Work order. When you reach the line containing "[916] يحيى بن" in the entries below, begin reproducing lines exactly, and stop once the line containing "These absolutely charming" is done.

Input.

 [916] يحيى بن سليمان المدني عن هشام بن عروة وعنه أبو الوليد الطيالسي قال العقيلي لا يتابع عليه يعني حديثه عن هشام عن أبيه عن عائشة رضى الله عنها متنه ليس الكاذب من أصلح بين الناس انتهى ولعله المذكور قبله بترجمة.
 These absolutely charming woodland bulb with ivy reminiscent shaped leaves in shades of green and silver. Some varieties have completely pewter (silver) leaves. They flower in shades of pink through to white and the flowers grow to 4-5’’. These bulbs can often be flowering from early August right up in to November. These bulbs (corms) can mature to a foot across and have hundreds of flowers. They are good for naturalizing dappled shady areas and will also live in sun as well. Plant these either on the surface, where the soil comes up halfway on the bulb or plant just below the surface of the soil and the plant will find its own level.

* * *

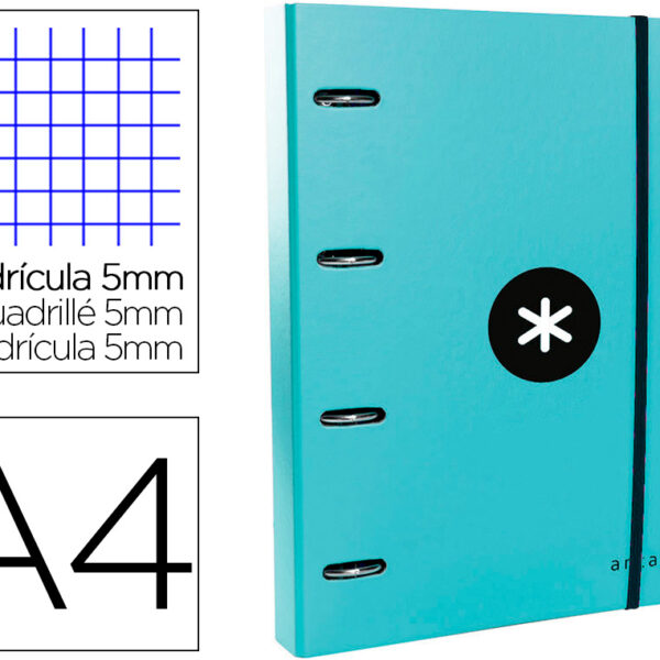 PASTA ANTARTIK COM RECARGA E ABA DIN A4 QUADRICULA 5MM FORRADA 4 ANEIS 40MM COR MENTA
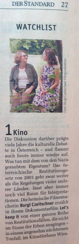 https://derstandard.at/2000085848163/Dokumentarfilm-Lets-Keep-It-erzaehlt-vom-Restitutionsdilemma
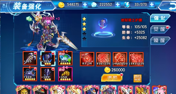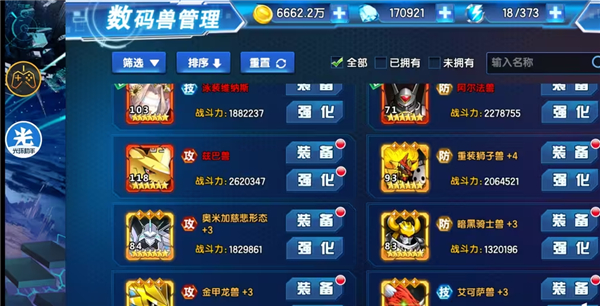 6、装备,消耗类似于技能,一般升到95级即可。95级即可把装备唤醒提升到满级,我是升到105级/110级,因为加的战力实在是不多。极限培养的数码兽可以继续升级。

--

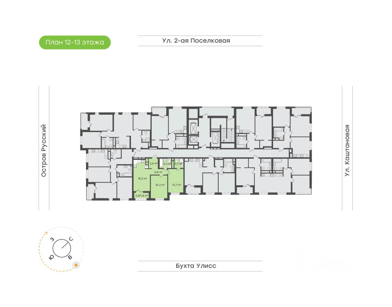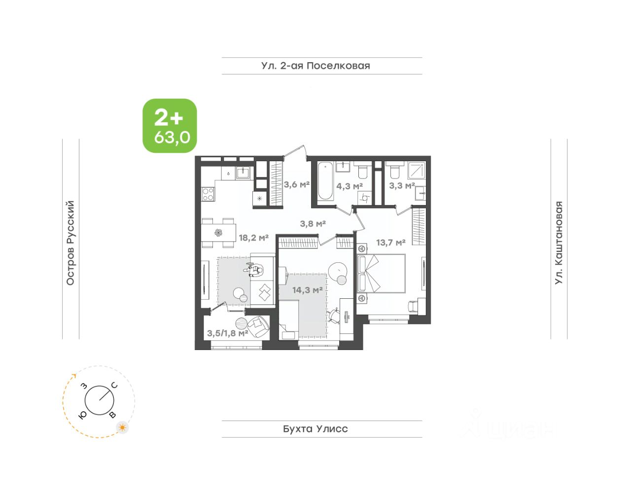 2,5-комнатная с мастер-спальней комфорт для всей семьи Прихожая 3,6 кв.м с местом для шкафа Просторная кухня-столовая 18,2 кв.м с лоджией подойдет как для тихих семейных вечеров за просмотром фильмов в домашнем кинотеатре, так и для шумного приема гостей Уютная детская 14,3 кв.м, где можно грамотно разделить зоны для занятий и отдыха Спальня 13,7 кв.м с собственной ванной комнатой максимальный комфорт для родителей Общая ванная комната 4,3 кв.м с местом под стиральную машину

Exercise output.
 [916] يحيى بن سليمان المدني عن هشام بن عروة وعنه أبو الوليد الطيالسي قال العقيلي لا يتابع عليه يعني حديثه عن هشام عن أبيه عن عائشة رضى الله عنها متنه ليس الكاذب من أصلح بين الناس انتهى ولعله المذكور قبله بترجمة.
 These absolutely charming woodland bulb with ivy reminiscent shaped leaves in shades of green and silver. Some varieties have completely pewter (silver) leaves. They flower in shades of pink through to white and the flowers grow to 4-5’’. These bulbs can often be flowering from early August right up in to November. These bulbs (corms) can mature to a foot across and have hundreds of flowers. They are good for naturalizing dappled shady areas and will also live in sun as well. Plant these either on the surface, where the soil comes up halfway on the bulb or plant just below the surface of the soil and the plant will find its own level.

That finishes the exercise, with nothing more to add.